On 2023/5/3 23:50, Jan Kara wrote:
> On Wed 26-04-23 21:10:41, Zhang Yi wrote:
>> From: Zhang Yi <[email protected]>
>>
>> There is a long-standing metadata corruption issue that happens from
>> time to time, but it's very difficult to reproduce and analyse, benefit
>> from the JBD2_CYCLE_RECORD option, we found out that the problem is the
>> checkpointing process miss to write out some buffers which are raced by
>> another do_get_write_access(). Looks below for detail.
>>
>> jbd2_log_do_checkpoint() //transaction X
>> //buffer A is dirty and not belones to any transaction
>> __buffer_relink_io() //move it to the IO list
>> __flush_batch()
>> write_dirty_buffer()
>> do_get_write_access()
>> clear_buffer_dirty
>> __jbd2_journal_file_buffer()
>> //add buffer A to a new transaction Y
>> lock_buffer(bh)
>> //doesn't write out
>> __jbd2_journal_remove_checkpoint()
>> //finish checkpoint except buffer A
>> //filesystem corrupt if the new transaction Y isn't fully write out.
>>
>> The fix is subtle because we can't trust the chechpointing buffers and
>> transactions once we release the j_list_lock, they could be written back
>> and checkpointed by some others, or they could have been added to a new
>> transaction.
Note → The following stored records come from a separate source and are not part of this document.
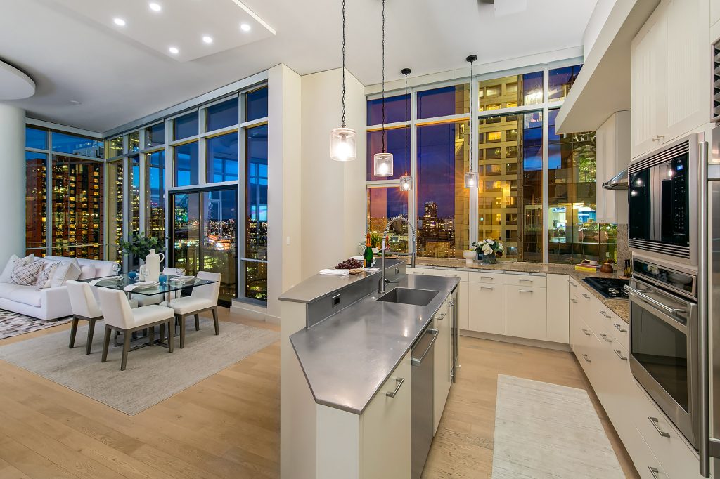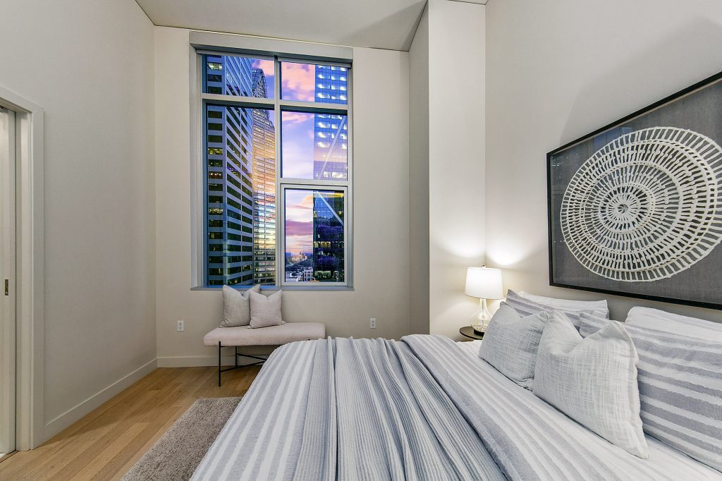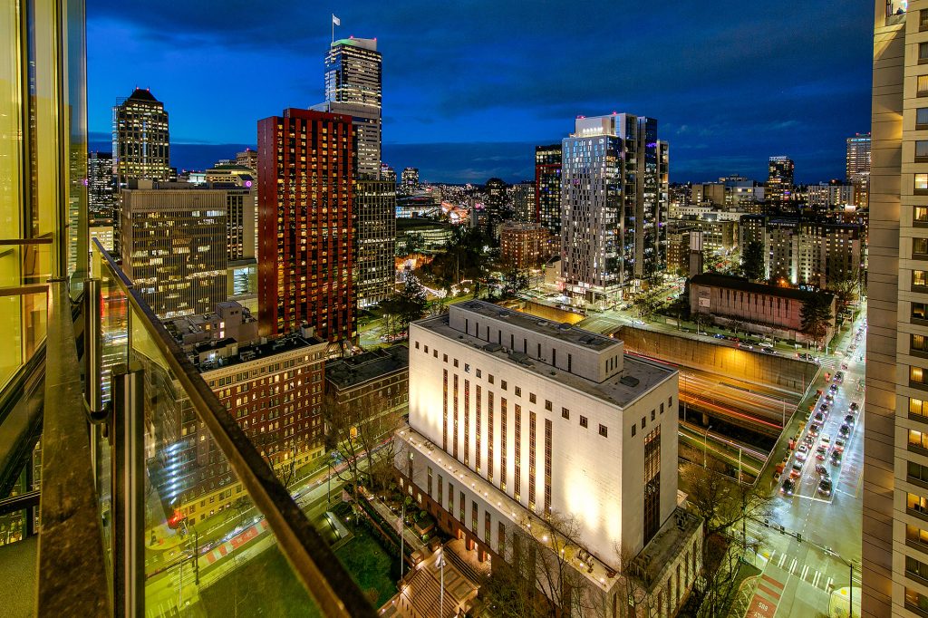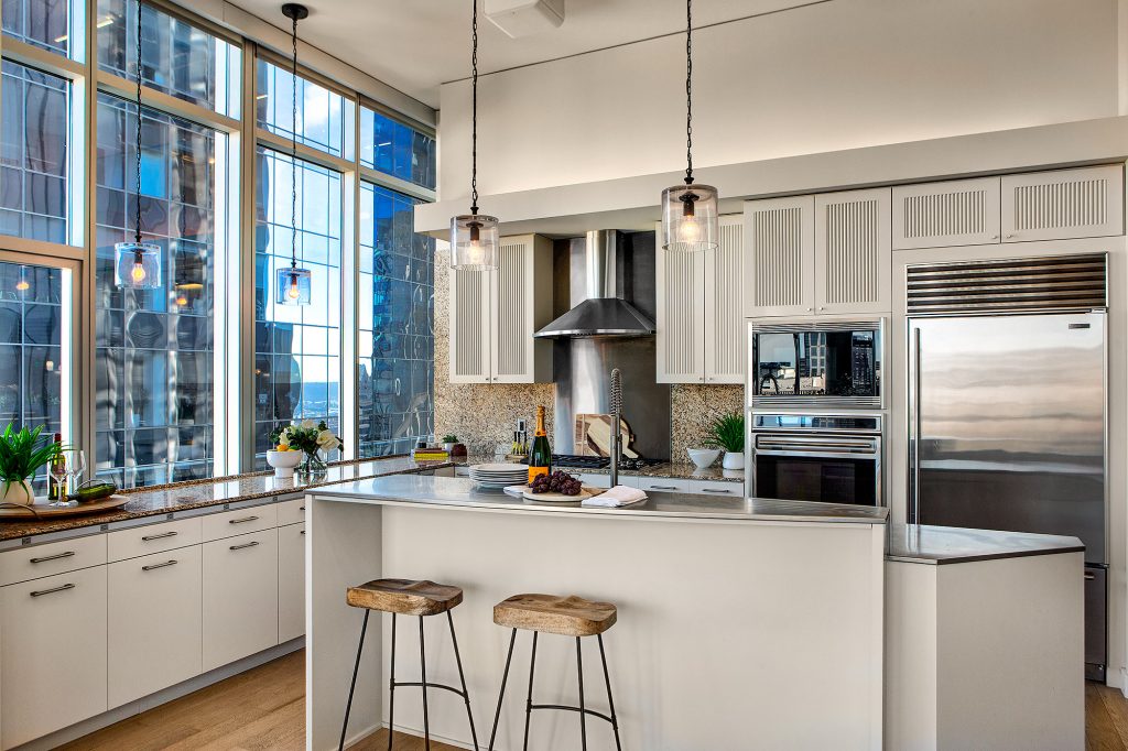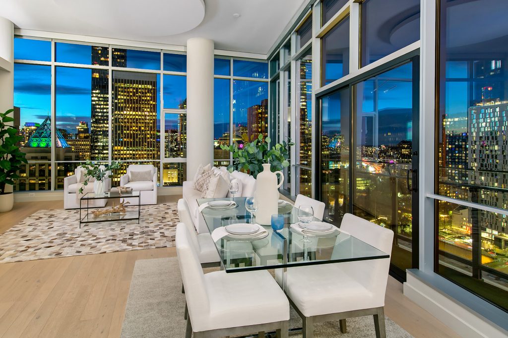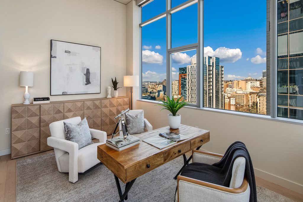 PENTHOUSE PERFECTION Rare 3 Bedroom, 2.5 Bath Corner Residence. A stunning jewel box in the sky, this oversized corner penthouse showcases soaring 12 foot walls of glass & panoramic views of Seattle's iconic skyline. Designed for exceptional entertaining, the grand open floor plan blends spaciousness with refined elegance, offering breathtaking views from every angle. Arrive home in style, luxurious marble foyer with ample space to showcase your favorite art collections. Gourmet kitchen is a dream for the budding chef, featuring gas cooking, top-tier appliances, solid wood cabinetry, abundant storage, and a large walk-in pantry. Beautiful wide-plank flooring flows seamlessly throughout the home. Sophisticated finishes found in every room. Dramatic Ramplause 12 foot glass doors enhance a sleek private touch to bedroom / home office spaces. Wake each morning to glorious sunrises and unwind to magical sunsets. The private primary suite is a true retreat, complete with floor-to-ceiling windows, an oversized walk-in closet, deep soaking tub, double vanity, frameless oversized shower & a closet dedicated for additional storage. This modern smart home features include automated lutron, wireless A/V integration, & a smart TV w/rotating art display. 5th&Madison is located in the heart of Seattle's financial dist, enjoy premier restaurants, renowned architecture just outside your door. EZ access to I-5, Bainbridge Ferry, hospitals, stadium events, Seahawk parades! 2pk, 2storage.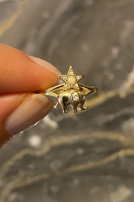Minimal Yıldız ve Fil Gümüş Yüzük
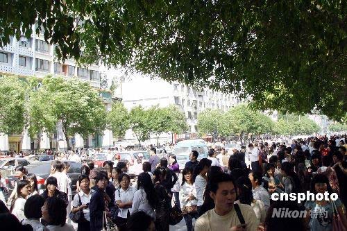 2008年5月12日下午,河南省會(huì)鄭州受到四川地震波及,該市農(nóng)業(yè)路上站滿(mǎn)了疏散的市民。中新社發(fā) 李志全 攝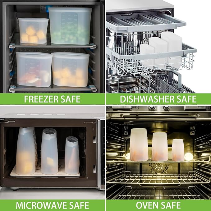 - 【DISHWASHER FREEZER MICROWAVE OVEN SAFE】Tired of dealing with plastic bags?(PEVA is actually a type of plastic.) Switch to silicone bags reusable storage and spend less time worrying about saving leftovers safely. These reusable bags are non-toxic and safe for use in the Microwave, Freezer, Oven and Dishwasher. They can even withstand temperatures up to 428℉, making them ideal for all your food storage needs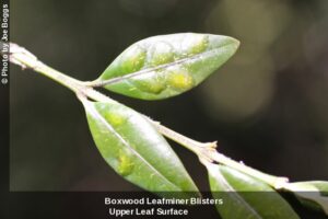 Boxwood leafminer damage is a more serious problem. The small, delicate adult flies are generally seen in late April and early May, but it’s their larvae that cause the damage. As the larvae feed on the leaves, they cause unsightly blisters to develop in the leaf tissues. While chemical means may be employed to combat this pest, organic methods may be sufficient. Green lacewings and spiders are natural leafminer predators. Other strategies include timely pruning of damaged foliage in spring and selecting boxwood species that are resistant to leafminer damage. A number of reliable sources for information on boxwood leafminers are available including Virginia Cooperative Extension (VCE) Publication ENTO-42NP on Insect and Mite Pests of Boxwood; VCE Publication 426-603 on Selecting Landscape Plants: Boxwoods; the Missouri Botanical Garden’s publication on Boxwood Leafminer; and the North Carolina State University’s Department of Entomology Insect Note, also called Boxwood Leafminer. Tip: For help identifying insects, see Bugs and Other Insects from the State of Virginia.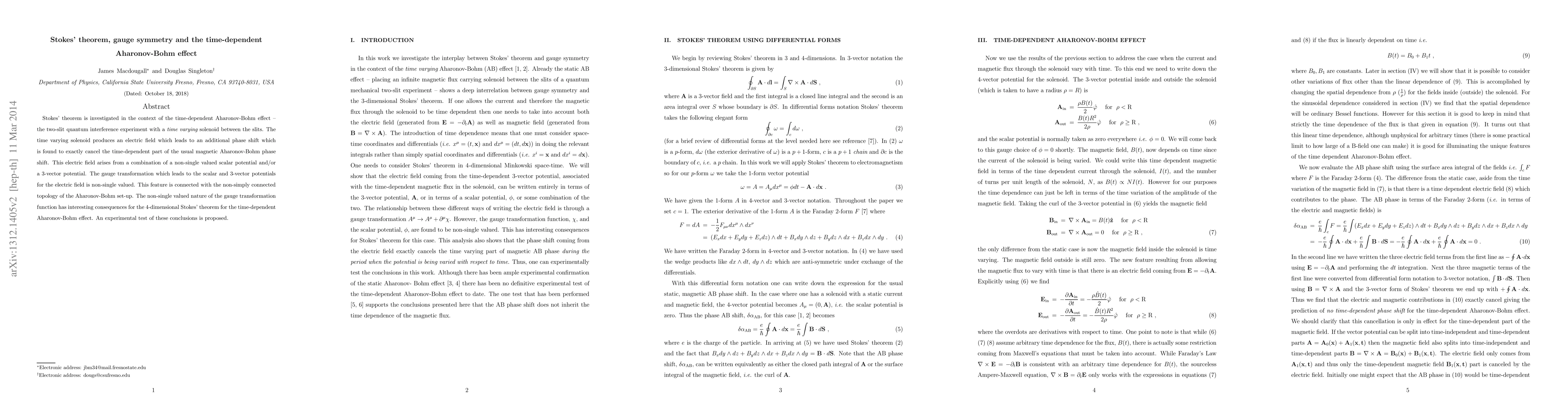 This paper explores Stokes' theorem in relation to the time-dependent Aharonov-Bohm effect, revealing that a time-varying solenoid generates an electric field canceling the time-dependent magnetic phase shift. The non-single valued gauge transformation linked to this electric field reflects the non-simply connected topology of the setup, with implications for 4-dimensional Stokes' theorem and a proposed experimental test.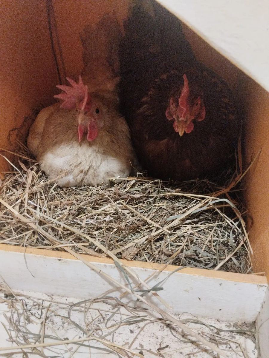 Почему нужно подвинуть,залесть,создать неудобство ближнему своему непонятно.Но наверное это какое то насижанное гнездо.Потому что это больше никак не объяснить. У нас двадцать курочек и 14 гнезд, но все равно раз от разу случаются такие оказии. И яйца тоже несут по странной схеме, может быть в каждом гнезде по одному,а может в одном 7,в другом 8, а в остальных ничего. Слегка не убрано,но отображает количество гнезд в курятнике. На самом верху у нас сидит одна индивидуалка, которая не хочет спать вместе со всеми.Пришлось ей уступить. Это муж сделал кормушку для комбикорма.Курочки быстро освоили и теперь не нужно морочится с каждодневным насыпанием. Ну вот! Как то так...
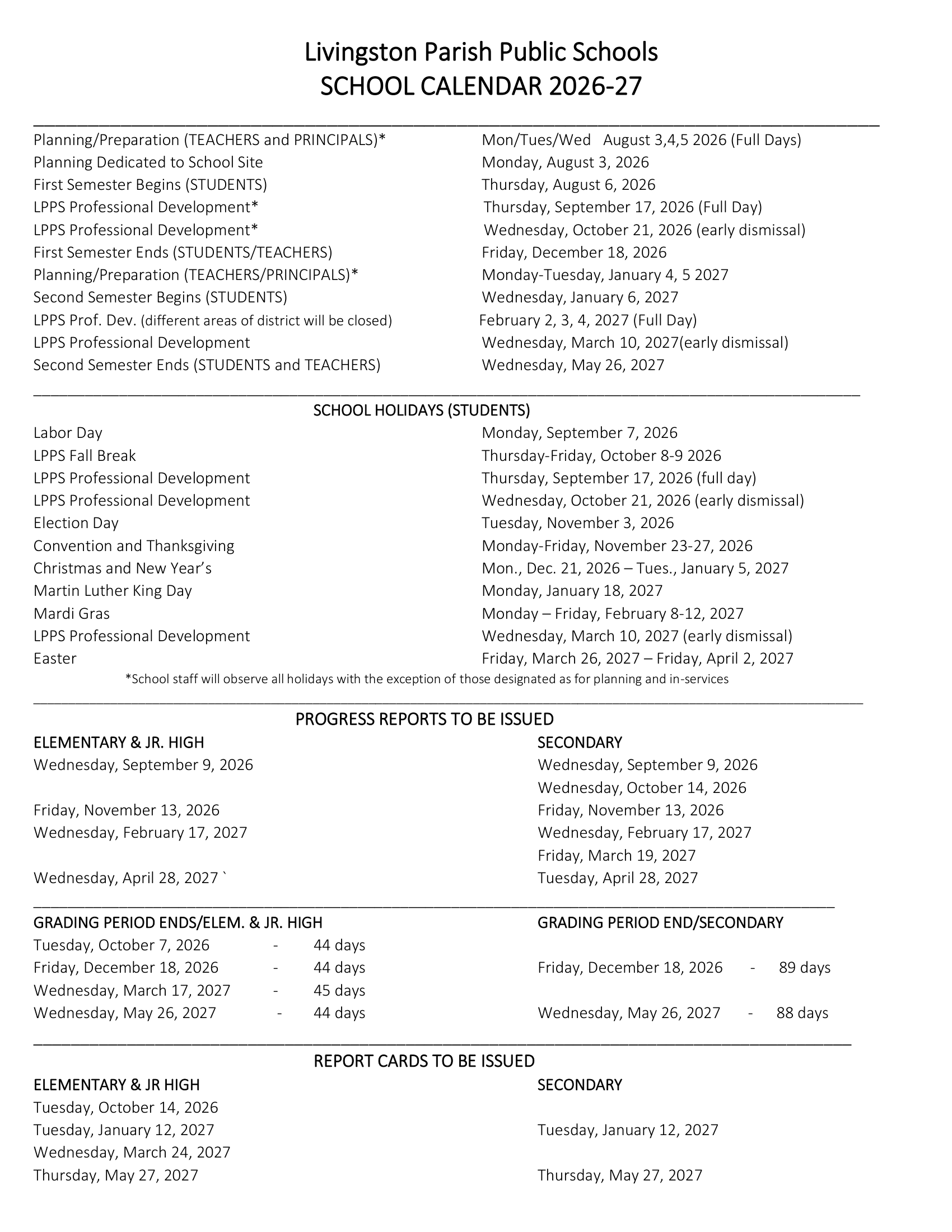 Dates are sourced from the official Livingston Parish Public Schools Calendar 26-27 Revised [PDF] website. Dates may change at the discretion of the district. Always verify with the official school website for the latest updates.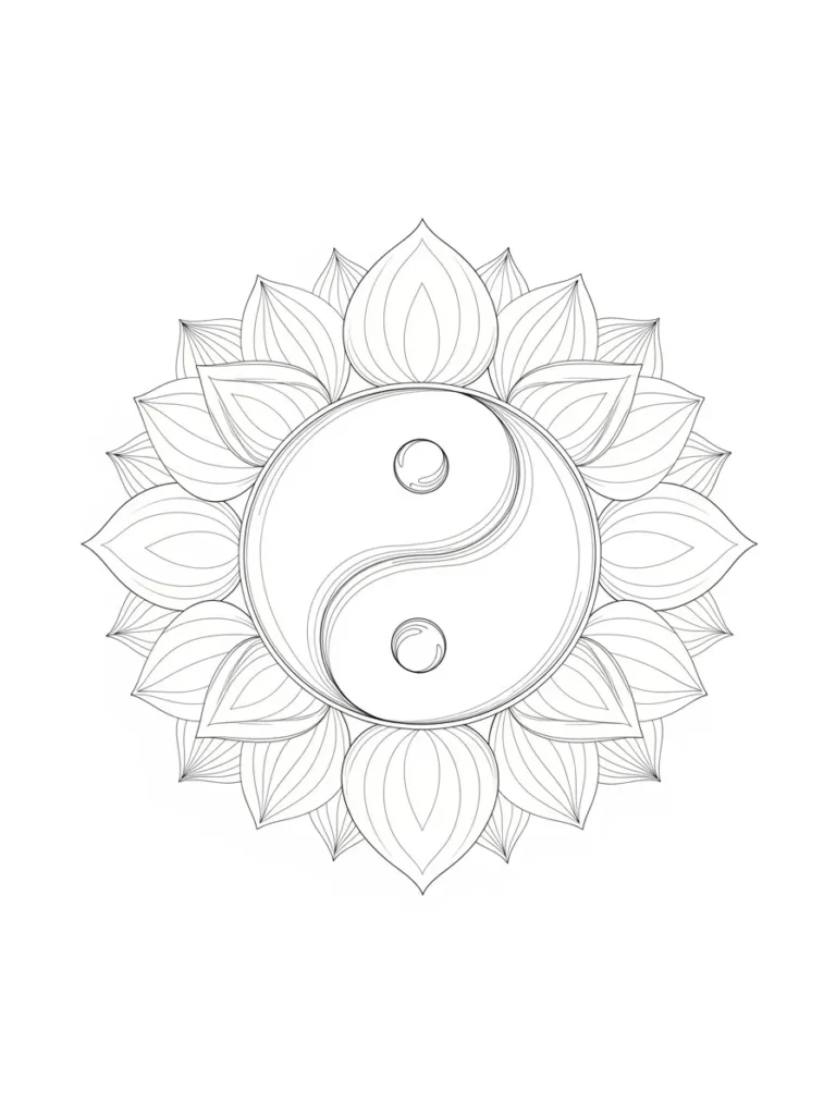 This coloring page features a classic yin yang symbol nestled inside a soft lotus mandala. Layered lotus petals radiate outward in neat symmetry, each petal outlined with gentle inner lines that add depth without crowding the design. The yin yang center is smooth and balanced, with clean curves that contrast beautifully against the structured floral shapes. Line thickness stays light and even, giving the whole page a serene and graceful look.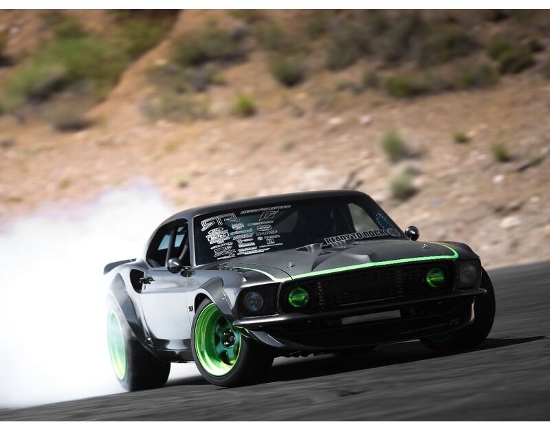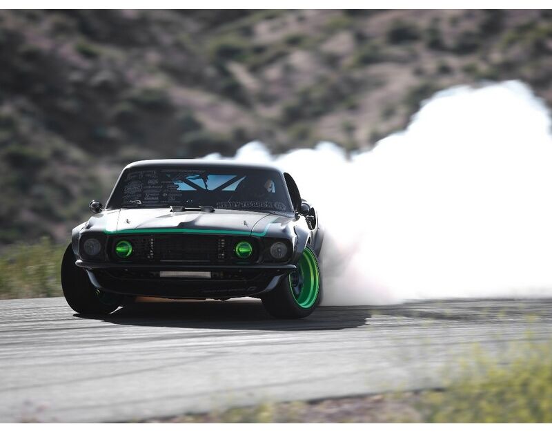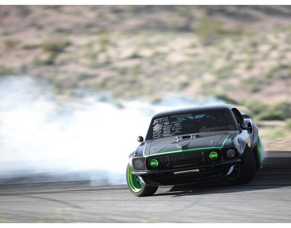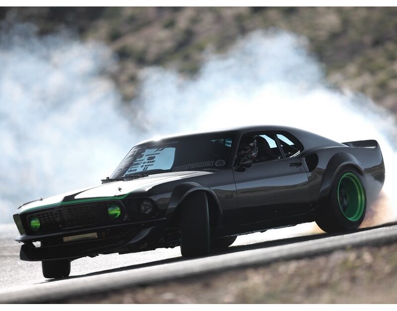 Vaughn vereint 5,0 Liter reifenzerfetzende amerikanische PS mit Designeinflüssen aus der amerikanischen, japanischen, europäischen und Driftkultur. Er hat modernste Technologie integriert und gleichzeitig ein nostalgisches Flair in seine Vision der zeitlosen Karosserie des Ford Mustang von 1969 bewahrt.
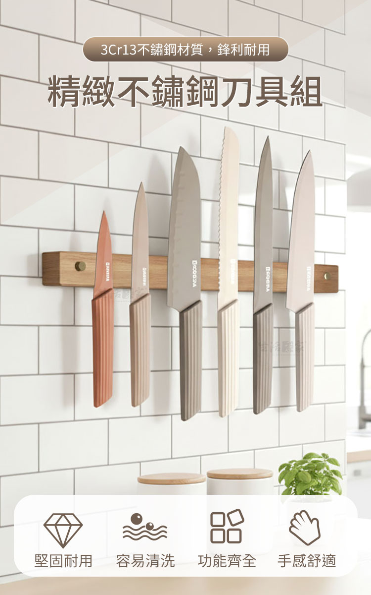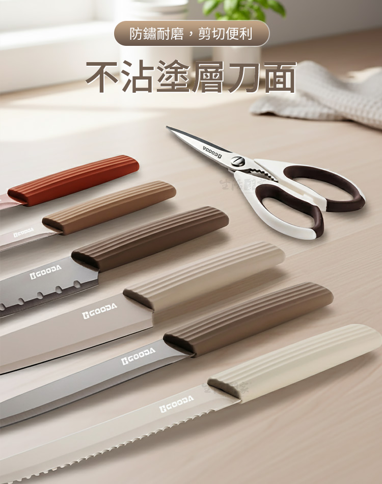 👉 專業配置,一組搞定所有料理任務 🍅 多功能刀型設計:廚師刀、切片刀、麵包刀、水果刀、日式刀、剪刀一應俱全。 🍞 防滑握柄:刀柄防滑紋理提升切削穩定度,即使手濕也好握不滑。 🍖 不鏽鋼刀面+不沾塗層:防鏽耐用、易清洗,切肉、切菜、切麵包都順手。 🌈 簡約時尚外型:中性色調搭配流線設計,完美融入各種廚房風格。 🧼 好清好收納:用後一沖即淨,乾淨不留異味,刀套保護安全又方便。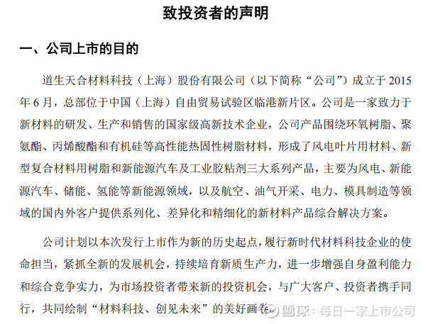 道生天合材料科技(上海)股份有限公司成立于2015年6月,总部位于中国(上海)自由贸易试验区临港新片区,是一家专注于高性能热固性树脂材料研发、生产与销售的国家级高新技术企业。公司从风电材料领域崛起,以“技术驱动+场景拓展”为核心战略,构建了覆盖风电、新能源汽车、储能等领域的材料解决方案体系。

So we have to re-add them on the checkpoint list and
>> recheck their status if they are clean and don't need to write out.
>>
>> Cc: [email protected]
>> Signed-off-by: Zhang Yi <[email protected]>
>> Tested-by: Zhihao Cheng <[email protected]>
>
> Thanks for the analysis. This indeed looks like a nasty issue to debug. I
> think we can actually solve the problem by simplifying the checkpointing
> code in jbd2_log_do_checkpoint(), not by making it more complex. What I
> think we can do is that we can completely remove the t_checkpoint_io_list
> and only keep buffers on t_checkpoint_list. When processing
> t_checkpoint_list in jbd2_log_do_checkpoint(), we just need to make sure to
> move t_checkpoint_list pointer to the next buffer when adding buffer to
> j_chkpt_bhs array. That way buffers to submit / already submitted buffers
> will be accumulating at the tail of the list. The logic in the loop already
> handles waiting for buffers under IO / removing cleaned buffers so this
> makes sure the list will eventually get empty. Buffers cannot get redirtied
> without being removed from the checkpoint list and moved to a newer
> transaction's checkpoint list so forward progress is guaranteed. The only
> other tweak we need to add is to check for the situation when all the
> buffers are in the j_chkpt_bhs array. So the end of the loop should look
> like:
>
> transaction->t_checkpoint_list = jh->j_cpnext;
> if (batch_count == JBD2_NR_BATCH || need_resched() ||
> spin_needbreak(&journal->j_list_lock) ||
> transaction->t_checkpoint_list == journal->j_chkpt_bhs[0])
> flush and restart
>
> and that should be it. What do you think?
>

This solution sounds great, Let me do it.

Thanks,
Yi.